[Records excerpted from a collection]
---

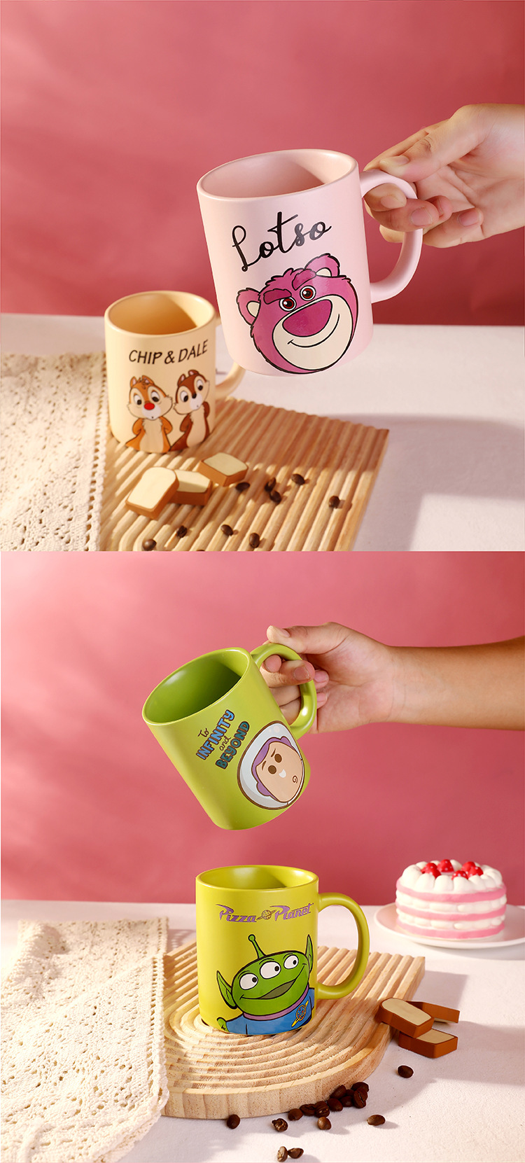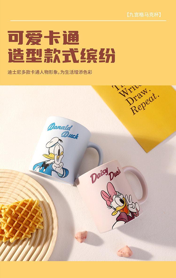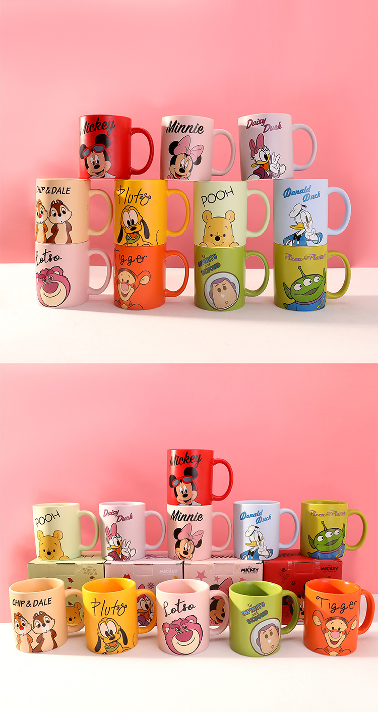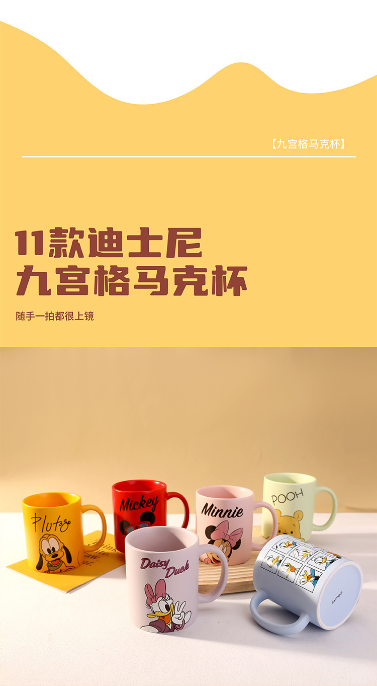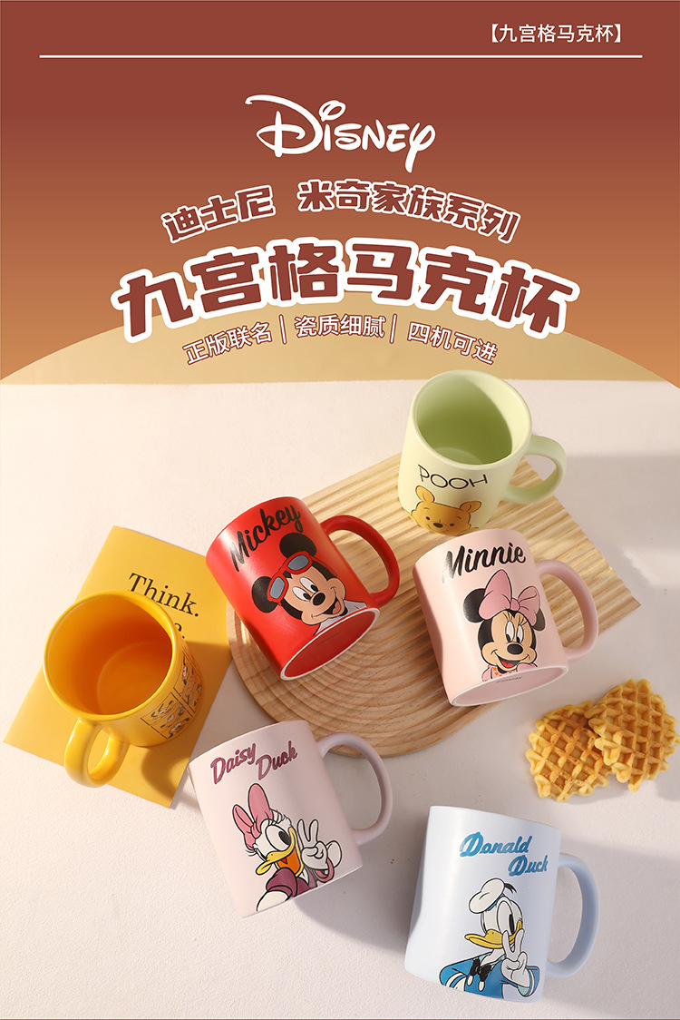 Taza de cerámica de Disney 360ml taza de cuadrícula de nueve palacios dibujos animados lindo al por mayor taza linda leche de gran capacidad
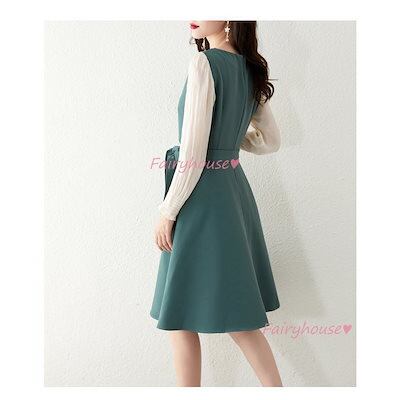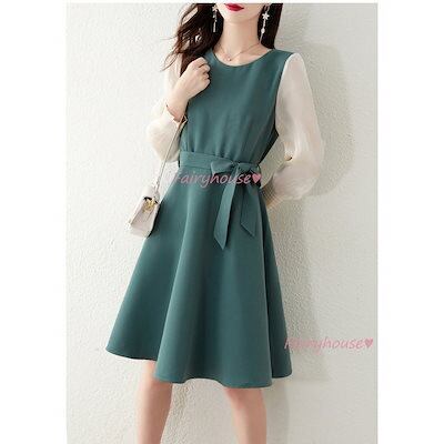 ワンピース レディース きれいめ 膝丈ワンピース 春秋 長袖ワンピースパフスリーブ リボン Aラインスカートフェイクレイヤード オシャレ大人 着痩せドレス
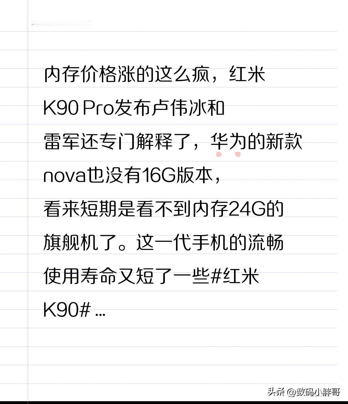 内存价格涨的这么疯, 红米K90 Pro发布卢伟冰和雷军还专门解释了, 华为的新款nova也没有16G版本, 看来短期是看不到内存24G的旗舰机了。 这一代手机的流畅使用寿命又短了一些[狗头] 红米 K90 华为nova 15
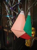 それぞれ会話も楽しみながら、色紙で「織姫と彦星」、「金魚」、「奴さん」
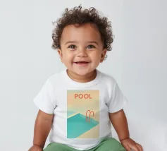 Poster raffigurante una piscina estiva con una scala arancione e riflessi d'acqua stilizzati. Un gioco di ombre, luci grafiche e una tavolozza solare. Perfetto per un look vintage e rinfrescante.
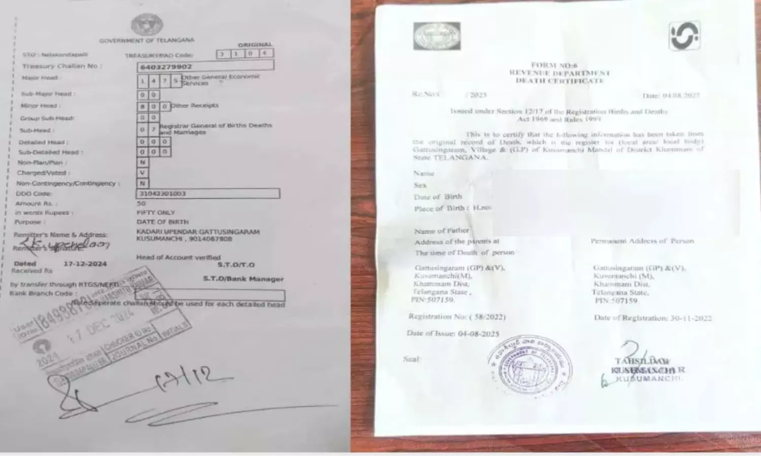బర్త్ సర్టిఫికెట్ అడిగితే డెత్ సర్టిఫికెట్ ఇచ్చారు. ఈ ఘటన కూసుమంచి తహసీల్దార్ కార్యాలయంలో చోటు చేసుకుంది. గట్టుసింగారం గ్రామానికి చెందిన కడారి విద్య అనే బాలిక తల్లిదండ్రులు బర్త్ సర్టిఫికెట్ కోసం పుట్టిన ఆరు నెలల తరువాత దరఖాస్తు చేసుకున్నారు. పంచాయతీలో రికార్డులు లేకపోవడంతో తహసీల్దార్ కార్యాలయంలో దరఖాస్తు చేసుకోమని పంచాయతీ కార్యదర్శి చెప్పారు. దీంతో బర్త్ సర్టిఫికెట్ కోసం తహసీల్దార్ కార్యాలయంలో దరఖాస్తు చేశారు. ఆగస్టు 4 వ తేది బర్త్ సర్టిఫికెట్ కోసం కార్యాలయానికి వెళ్లగా బర్త్ సర్టిఫికెట్ తహసీల్దార్ కార్యాలయం ముద్ర వేసి ఇచ్చారు. బాలిక తల్లి మమత సర్టిఫికెట్ ను ఫొటో తీసుకుంది. అయితే నిశితంగా పరిశీలించగా బర్త్ సర్టిఫికెట్ బదులు డెత్ సర్టిఫికెట్ ఇచ్చినట్లు ఉంది. బాలిక తల్లి అధికారిని ప్రశ్నించగా లాక్కొని చించేశారు. మళ్లీ బర్త్ సర్టిఫికెట్ అందించాడు. అందులో ఎక్కడ కూడా డెలివరీ వివరాలు నమోదు చేయలేదు.
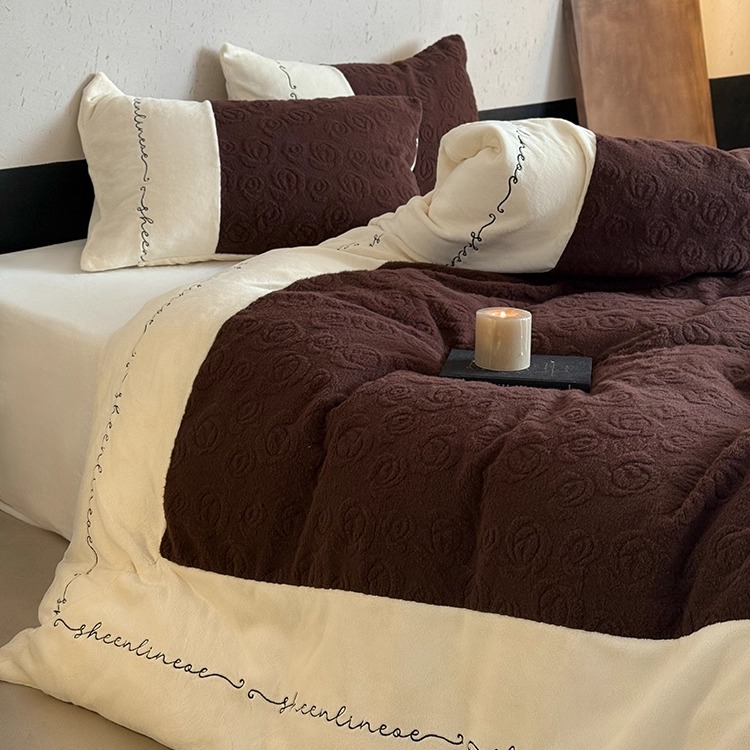 冬季高端法式保暖加厚320g牛奶绒雕花兔毛绒四件套被套床单床品
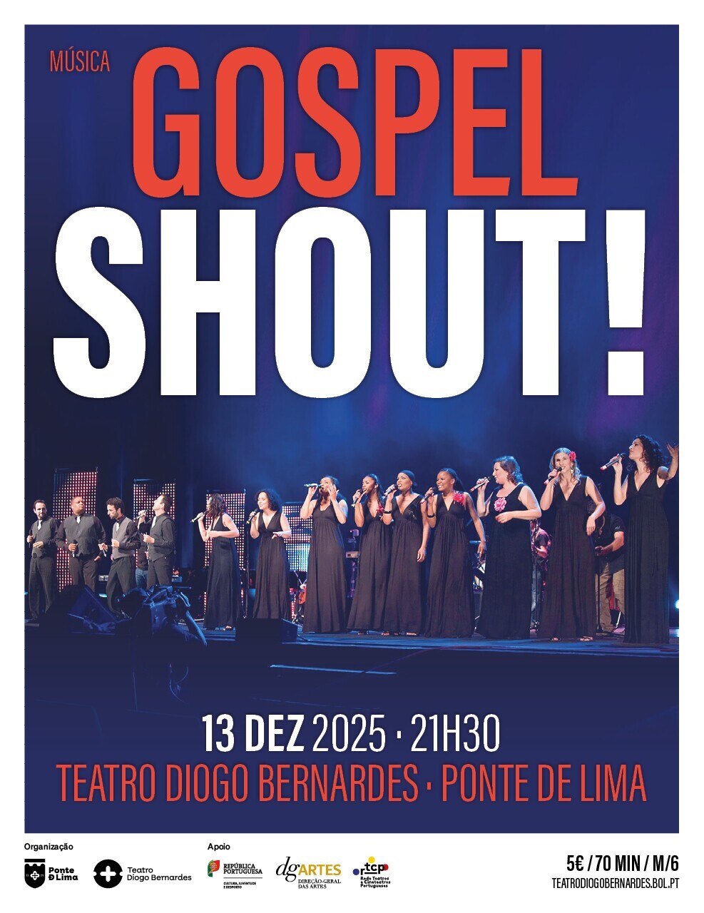 No dia 13 de dezembro de 2025, às 21h30, o Município Ponte de Lima apresenta no Teatro Diogo Bernardes, o espetáculo de música/gospel, "SHOUT!”.
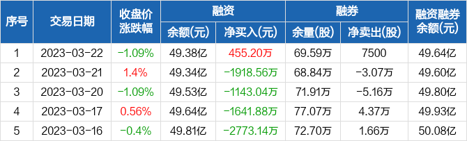 融资方面,当日融资买入5500.61万元,融资偿还5045.41万元,融资净买入455.2万元。融券方面,融券卖出3.46万股,融券偿还2.71万股,融券余量69.59万股,融券余额2589.61万元。融资融券余额合计49.64亿元。

---

» **About this exercise**
Beginning with the line that contains "冬季高端法式保暖加厚320g牛奶绒雕花兔毛绒四件套被套床单床品" and ending with the last line of the data, restate each line word for word. Exclude the pictures.

» **Response for this exercise**
 冬季高端法式保暖加厚320g牛奶绒雕花兔毛绒四件套被套床单床品
 No dia 13 de dezembro de 2025, às 21h30, o Município Ponte de Lima apresenta no Teatro Diogo Bernardes, o espetáculo de música/gospel, "SHOUT!”.
 融资方面,当日融资买入5500.61万元,融资偿还5045.41万元,融资净买入455.2万元。融券方面,融券卖出3.46万股,融券偿还2.71万股,融券余量69.59万股,融券余额2589.61万元。融资融券余额合计49.64亿元。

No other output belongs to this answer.